Fini dan Yousefzadeh (2011) menyatakan bahwa terdapat hubungan signifikan yang positif antara LOC internal dan prestasi belajar. Selanjutnya, semakin tinggi tingkat persepsi kontrol diri maka akan meningkatkan kualitas tidur seseorang (Vincent, Walsh, & Chiang, 2013), penggunaan smartphone juga dihubungkan dengan insomnia dan gangguan tidur (Jenaro dalam Sahin, Ozdemir, Unsal, &Temiz, 2013; Al-Khleiwi dalam Sahin dkk., 2013).
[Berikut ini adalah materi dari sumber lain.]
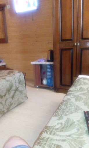 Ездили в этот гостевой дом семьей состоящей из Мамы, Папы, Бабушки и трех деток в августе на 14 дней. ||||Нас встретили на вокзале, довезли прямо до дверей гостевого дома, не смотря на то, что он находится на пешеходной линии. (При отъезде пришлось нести вещи до парковки, а она не близко, но сотрудники помогли.) ||||Дом: ||||Выделили нам 2 номера на втором этаже, Окна номеров выходили на пешеходную улицу с видом на Дино Парк.||Один Зх местный с двухспальной и односпальной кроватью, кондиционером, телевизором и собственной ванной комнатой, и Второй - 4х местный номер с двухспальной кроватью и двухъярусной кроватью, так же кондиционером, телевизором и собственной ванной комнатой. ||Уборка и смена белья по требованию. Можно пользоваться инвентарем для самостоятельной уборки если необходимо. Фен, Утюг в номере отсутствует, но можно попросить и вам его дадут в пользование. Можно попросить постирать белье за доп. плату (100р. загрузка). ||В 3х местном номере были проблемы с кондиционером и канализацией, кондиционер не охлаждал, а из ванной был неприятный запах. Завхоз пытался как то это все починить, но безрезультатно. На просьбы нас переселить откликнулись, но за 2 дня до нашего отъезда :) Сославшись на полную занятость.||||(Стоит сказать, что хозяева за причиненные неудобства угостили нас ужином)||||Номер в который нас переселили 2х местный, и нам поставили раскладушку (очень не удобная, подойдет разве, что легкому маленькому ребенку), ванная комната с заниженным потолком из за ската крыши, поэтому стоя в душевой ваша голова торчит из за ее стенок, и душевую лейку нужно держать руками, вешать ее не на что. Кондей был таким же как и в том номере, но работал немного лучше. Вид из номера на море, это и плюс и минус. Плюс в том, что вид красивый, менее слышно музыку отовсюду, ночью можно открыть окно, минус то, что очень сильно нагревается комната, хоть окна и тонированные. ||На первом этаже, в другом крыле так же есть номера, попроще без окон на улицу (окна под потолком, выходят на столовую), с окнами на боковой пляж (не открываются) и окнами на море. |||| ||Еда: ||||Своя столовая (работает до 22:00 и бар. В столовой не плохо готовят, на завтрак есть каши, яйцо вареное, сосиски, выпечка, запеканка, сырники. На обед тоже есть выбор из горячего и супов, но минус в том, что как утром приготовили, выставили на прилавок, так и стоит весь день, не прикрыто и без холодильников, в холодильниках только салаты. Но так в общем то во всех столовках там, как не печально. ||В баре готовят вкусно шашлык, люля кебаб, овощи и картофель на мангале. ||Из минусов, очень громко играет музыка, и это в Анапе я так понимаю нормально :) Тихого и спокойного отдыха - поискать. ||||Пляж. ||||На пляж можно выйти через столовую по деревянной дорожке или обойдя его с торца. Пляж песчаный, широкий, лежаками до самого моря не заставлен (в отличии от городского) это плюс, но навесы и зонты в прокат есть (50р час, 200р день). Странно, но наш кусочек пляжа, был наименее загружен людьми, но это конечно же плюс.||В августе море цвело, когда только приехали цвело терпимо, но после шторма было очень много водорослей, даже зайти не возможно было. Наш кусочек пляжа пытался чистить трактор, ушло у него на это дня 4 или 5ть. Но остальной пляж вообще ни кто не чистил, так эти водоросли и лежали, воняли перегнивая. ||Мы прыгали с пирса, там где водичка чистая (пра

Terakhir, Klonowicz (2001) menemukan bahwa seseorang yang memiliki LOC eksternal dilaporkan memiliki tingkat SWB yang lebih rendah dibandingkan yang internal.
Berikut model penelitian yang dibangun peneliti dengan memperhatikan integrasi model path analysis yang menerangkan hubungan antarvariabel berdasarkan model statistik Li, Lepp, dan Barkley. (2015) yang terlihat pada Gambar 1.
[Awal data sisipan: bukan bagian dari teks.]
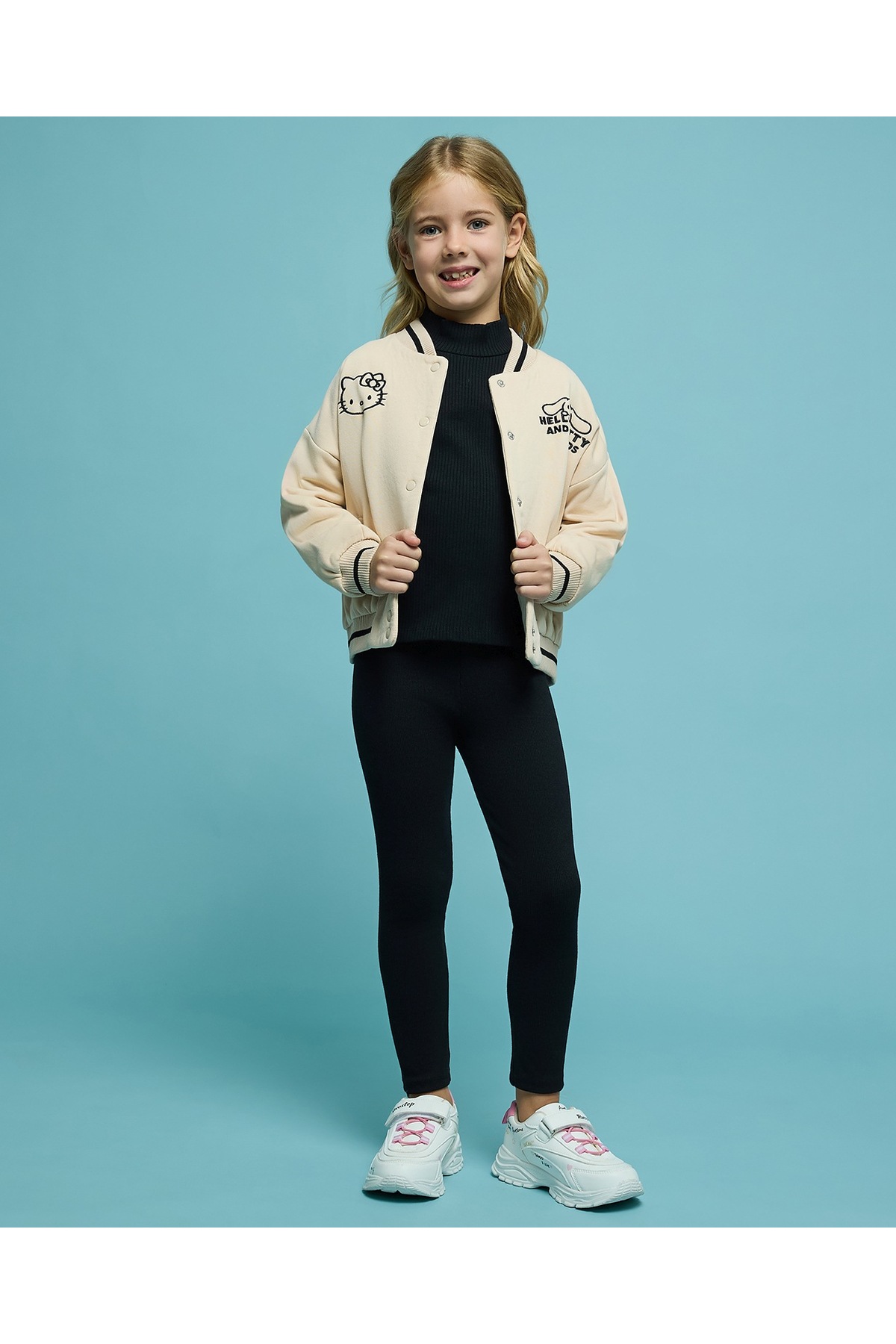 ميزات جاكيت مطرز بشخصية هيلو كيتي مع إغلاق بأزرار من R&B

Berdasarkan model penelitian tersebut, maka dibangunlah beberapa hipotesis yang menunjukan pengaruh antar-variabel, yakni sebagai berikut: (1) H1 dan H2: total waktu penggunaan smartphone (Total_S) memiliki pengaruh positif terhadap penggunaan smartphone disaat belajar sendiri (S_Study) dan diwaktu tidur (S_Sleep); (2) H3 dan H4: LOC internal memiliki pengaruh negatif terhadap penggunaan smartphone disaat belajar sendiri (S_Study) dan diwaktu tidur (S_Sleep); (3) H5 dan H6: penggunaan smartphone diwaktu tidur (S_Sleep) memiliki pengaruh negatif terhadap kualitas tidur (Sleep_Q) dan locus of contol (LOC) internal memiliki pengaruh positif terhadap kualitas tidur (Sleep_Q); (4) H7 dan H8: penggunaan smartphone disaat belajar sendiri (S_Study) berpengaruhi negatif terhadap prestasi belajar (IP) dan LOC internal memiliki pengaruh positif terhadap prestasi belajar; terakhir, (5) H9, H10, dan H10: semakin buruk kualitas tidur (Sleep_Q) memiliki pengaruh negatif terhadap subjective well-being (SWB) dan prestasi akademik, serta semakin internal LOC berpengaruh positif terhadap subjective well-being (SWB).
Berdasarkan hasil penelitian ini dapat disimpulkan bahwa semakin tinggi penggunaan smartphone harian akan meningkatkan penggunaan smartphone diwaktu yang tidak tepat (saat belajar dan diwaktu tidur), menurunkan kualitas tidur, dan menurunkan subjective well-being. Selanjutnya, semakin internal LOC mahasiswa, semakin rendah aktivitas penggunaan smartphone diwaktu tidur, semakin baik kualitas tidurnya, dan semakin tinggi juga subjective well-being nya.Keterbatasan dan Saran. Pene-litian selanjutnya diharapkan dapat mengeksplorasi faktor potensial yang mungkin dihubungkan dengan perilaku penggunaan smartphone. Dengan demikian, ada kemungkinan bahwa model statistik di dalam penelitian ini tidak lengkap dan diharapkan penelitian kedepan akan mengidentifikasi faktor-faktor tambahan untuk memperhitungkan variasi yang dijelaskan pada model tersebut.